Few things are as enjoyable and adrenalizing as martial arts or action films, whatever make and model. Sometimes plot is necessary for stringing together cool fights. Sometimes it’s as much of a pleasure as the cool fights. There’s nothing wrong with coasting along in anticipation of the next round of beatings but the best martial arts movies each fall under the second category, where story and suspense meets sterling choreography. But what if some of those Fighters you have seen on the big screen were up against each other for real? In this video, we are going to take a closer look at Steven Seagal and Mike Tyson and see who we think would win in a real fight.

But before we do this, remember to give us a thumbs up and a quick click on our subscribe button to get more videos like this one and support Brutal TV. Thanks. But for now, let’s go back to Seagal versus Tyson.

Brutal TV:

Steven Seagal

Let’s start by learning a bit about Steven Seagal.

Seagal was born on April 10, 1952, in Lansing, Michigan. The mysterious Seagal started as martial arts training when he was 7 years old under the guidance of Karate instructor Fubio Demura.
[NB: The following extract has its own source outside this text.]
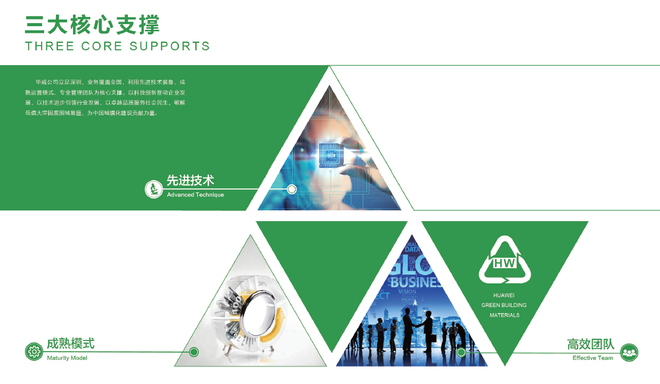 • 2007年2007年,深圳市政府同意由華威公司在塘朗山建筑廢棄物受納場內(nèi)投資興建首個(gè)建筑廢棄物綜合利用示范項(xiàng)目,將受納場內(nèi)的建筑垃圾轉(zhuǎn)化為再生建材。年處理產(chǎn)能150萬噸,建筑廢棄物轉(zhuǎn)化率超過95%。

It was in the following decade in Orange County, California that Seagal began his Aikido training under the instruction of Harry Ishisaka and later moved to Japan to further his martial arts training. It was during that time that Seagal received his first dan endorsement.

After spending many years there sharpening his skills, he achieved the ranking of a 7th Dan in the Japanese martial art Aikido. Before returning to America, Seagal has taught one of the most combat-competent Aikido styles in the world. In the art of Aikido he was Haruo Matsuoka’s first sensei in a dojo in Japan. And later, at the beginning of Seagal’s acting career, the two would be seen together on the big screen.

Brutal TV:

Haruo described Seagal’s style as having a reputation for being hardcore and effective on the street. When Seagal was training Haruo, his training philosophy was about making things practical for the world otherwise, they would be useless. Seagal taught a very practical form of Aikido, which includes swift footsteps and hand movements. He also Incorporated body posture and sword cuts that were very strong and straight.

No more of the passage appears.